Rufous bush chats feed mostly on insects caught on the ground.

Mr Filby said there was a sighting in the 1990s, but one of the most famous sightings of the species in Britain was at Butlin’s holiday camp in Skegness in 1963.

He said: “It spent eight days there, and people learned about it by postcard. Then people who received the postcards went and saw it - that was how things worked then.

“These days news travels far and wide in seconds flat.

“Many people have gone to see it because this is the first opportunity to see one in the UK, realistically since the 1960s.”

But Mr Filby said the rufous bush chat was separated from onlookers by one of the deep channels on the marsh.

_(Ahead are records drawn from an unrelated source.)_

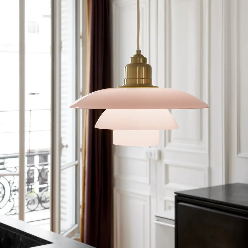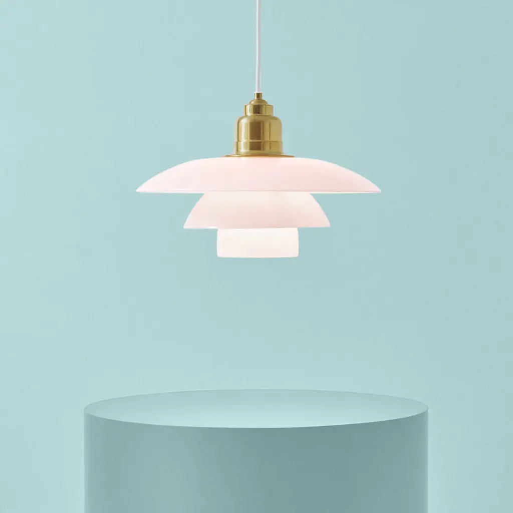 The PH 3 ½-3 Glass Pendant is one of many advanced projects undertaken by Poul Henningsen in the development of his world-famous three-shade system from 1926. Poul Henningsen devoted most of his life to taming electric light. He based his three-shade design on a logarithmic spiral to make optimum use of the light source. He was constantly doing calculations and tests. The form of the shades was determined by the way they were required to shape and reflect the light, and the lamp was designed to be glare-free. The white opal glass shades soften the overall look of the lamp and illuminate its surroundings with a perfect, harmonious and glare-free light that only the classic three-shade system is capable of emitting. The shades are mouth-blown three-layer opal glass, which is glossy on top and sandblasted matt underneath to provide soft and uniform light distribution.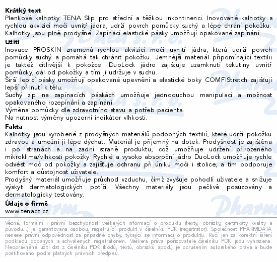 Plenkové kalhotky TENA Slip pro střední a těžkou inkontinenci. Inovované kalhotky s rychlou akvizicí moči uvnitř jádra, udrží povrch pomůcky suchý a lépe chrání pokožku. Kalhotky jsou plně prodyšné. Zapínací elastické pásky umožňují opakované zapínání.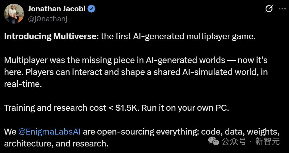 他们用第一性原理把「世界模型」拓宽到了多个玩家,并开源了世界首个AI生成多人游戏模型Multiverse!

But police said there were more than 100 birdwatchers at the site when they visited on Saturday morning, with some not social distancing and blocking roads in order to view the bird.

Chief Superintendent Chris Balmer said: “We would ask that people do not continue to attend the location as we have had to remind many of the Covid regulations.

“People may arrive on their own but some have started to gather in groups larger than six to be able to see the bird.

“This is a breach of the law.

“In the first instance officers will engage, explain and encourage people to leave but enforcement is an option and we will be issuing fixed penalty notices should people not comply. We want everyone in Norfolk to remain safe and this means everyone needs to adhere to the regulations.”

Mr Filby said sightings of some migratory birds seemed to be getting more common.

He said: “With these easterly winds we’ve been getting a lot of unusual sightings of birds that have come quite a long way.

“There has been sigtings of the red-flanked bluetail. They used to be exceptionally rare in the UK as recently as the 1990s, but this season we’ve had several in Norfolk, so the times, they are a-changing.”